TASK TO CARRY OUT.
Go to the line holding "11月に投稿した葉挿しからの" in the entries below and write out exactly every line down to and including the line holding "可爱猫表情贴纸时尚卡通涂鸦壁纸插画".

DATASET CONTENT.
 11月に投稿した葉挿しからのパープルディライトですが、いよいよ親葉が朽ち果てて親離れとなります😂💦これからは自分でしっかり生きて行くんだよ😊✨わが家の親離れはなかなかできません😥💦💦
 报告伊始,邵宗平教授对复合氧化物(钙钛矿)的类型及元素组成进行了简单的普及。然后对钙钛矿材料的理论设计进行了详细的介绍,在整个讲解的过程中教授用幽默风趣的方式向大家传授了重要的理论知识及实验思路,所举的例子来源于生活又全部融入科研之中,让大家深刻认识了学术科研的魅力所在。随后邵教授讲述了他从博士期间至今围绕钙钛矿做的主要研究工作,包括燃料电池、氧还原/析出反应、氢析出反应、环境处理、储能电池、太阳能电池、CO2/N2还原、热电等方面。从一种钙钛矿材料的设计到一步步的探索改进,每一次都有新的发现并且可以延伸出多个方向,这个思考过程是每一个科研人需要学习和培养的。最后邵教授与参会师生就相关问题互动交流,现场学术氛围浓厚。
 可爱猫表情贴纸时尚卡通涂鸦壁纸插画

---

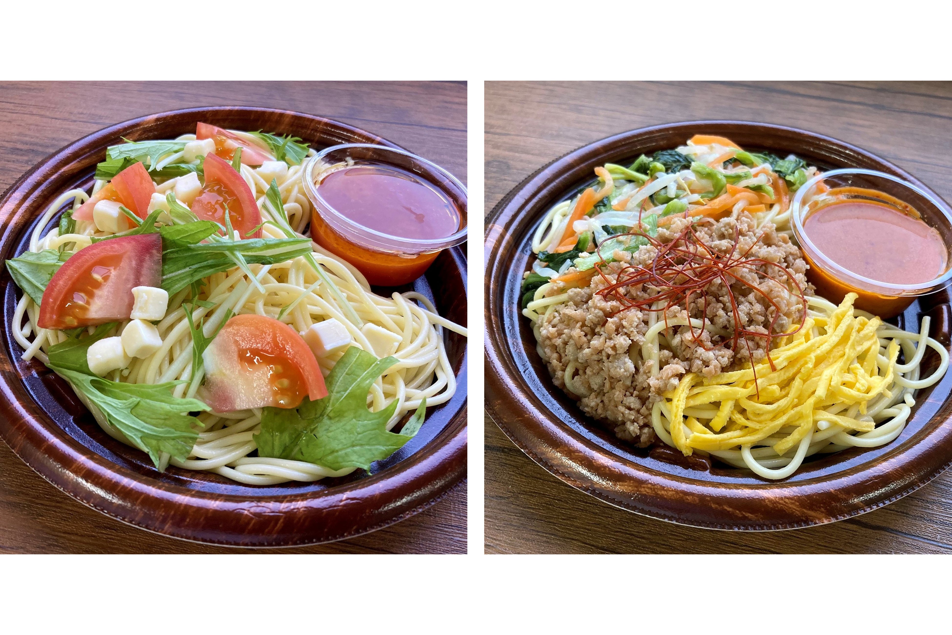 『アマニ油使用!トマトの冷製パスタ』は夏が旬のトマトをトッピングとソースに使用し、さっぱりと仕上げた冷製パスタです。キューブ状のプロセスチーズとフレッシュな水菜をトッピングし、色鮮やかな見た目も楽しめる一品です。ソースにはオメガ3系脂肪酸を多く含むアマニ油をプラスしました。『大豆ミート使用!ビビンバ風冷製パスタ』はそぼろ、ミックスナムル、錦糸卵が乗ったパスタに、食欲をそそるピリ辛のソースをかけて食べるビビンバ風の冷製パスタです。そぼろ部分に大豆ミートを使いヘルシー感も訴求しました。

==

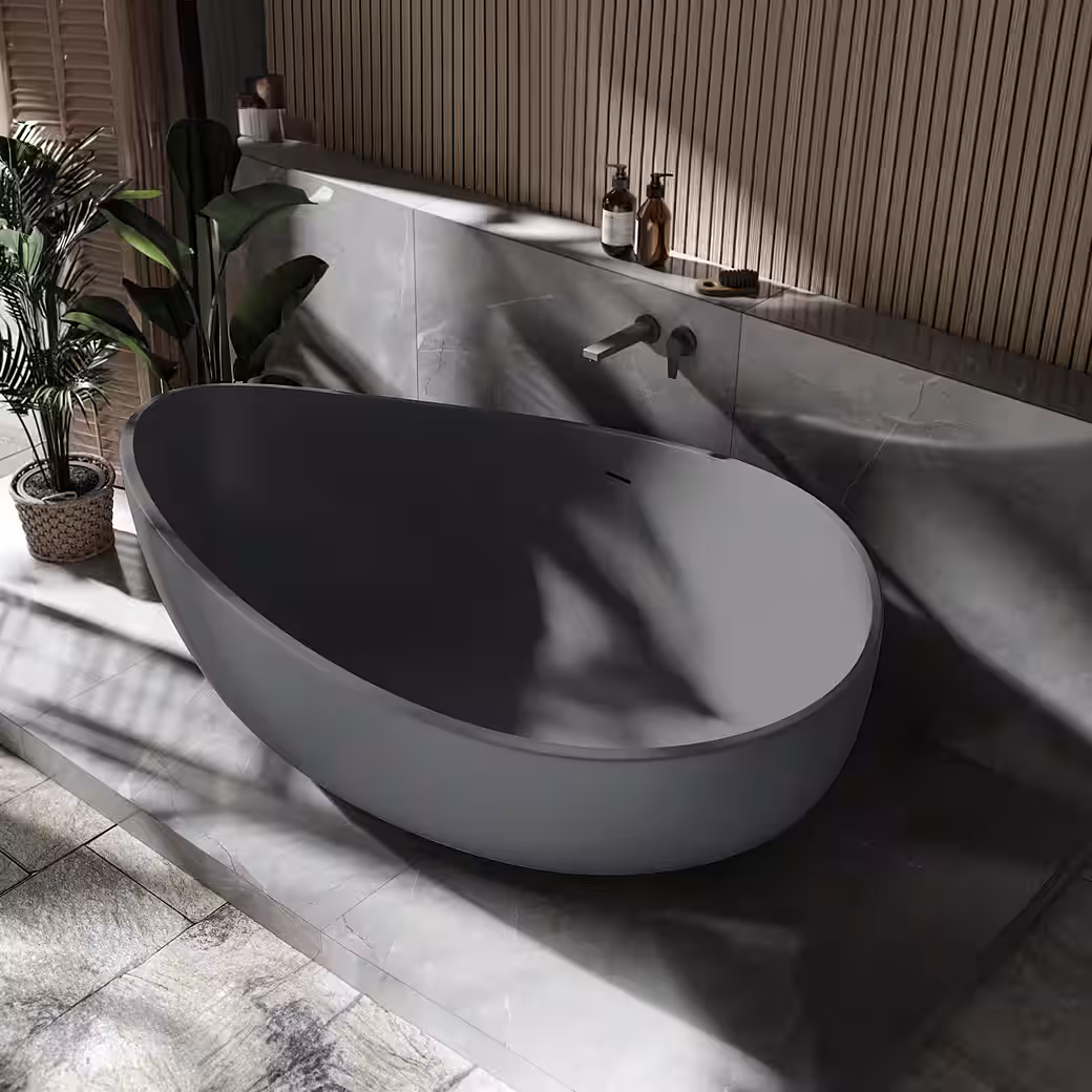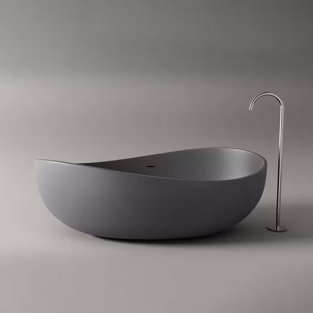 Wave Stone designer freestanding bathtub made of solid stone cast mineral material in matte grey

SOLUTION TO THE EXERCISE.
 11月に投稿した葉挿しからのパープルディライトですが、いよいよ親葉が朽ち果てて親離れとなります😂💦これからは自分でしっかり生きて行くんだよ😊✨わが家の親離れはなかなかできません😥💦💦
 报告伊始,邵宗平教授对复合氧化物(钙钛矿)的类型及元素组成进行了简单的普及。然后对钙钛矿材料的理论设计进行了详细的介绍,在整个讲解的过程中教授用幽默风趣的方式向大家传授了重要的理论知识及实验思路,所举的例子来源于生活又全部融入科研之中,让大家深刻认识了学术科研的魅力所在。随后邵教授讲述了他从博士期间至今围绕钙钛矿做的主要研究工作,包括燃料电池、氧还原/析出反应、氢析出反应、环境处理、储能电池、太阳能电池、CO2/N2还原、热电等方面。从一种钙钛矿材料的设计到一步步的探索改进,每一次都有新的发现并且可以延伸出多个方向,这个思考过程是每一个科研人需要学习和培养的。最后邵教授与参会师生就相关问题互动交流,现场学术氛围浓厚。
 可爱猫表情贴纸时尚卡通涂鸦壁纸插画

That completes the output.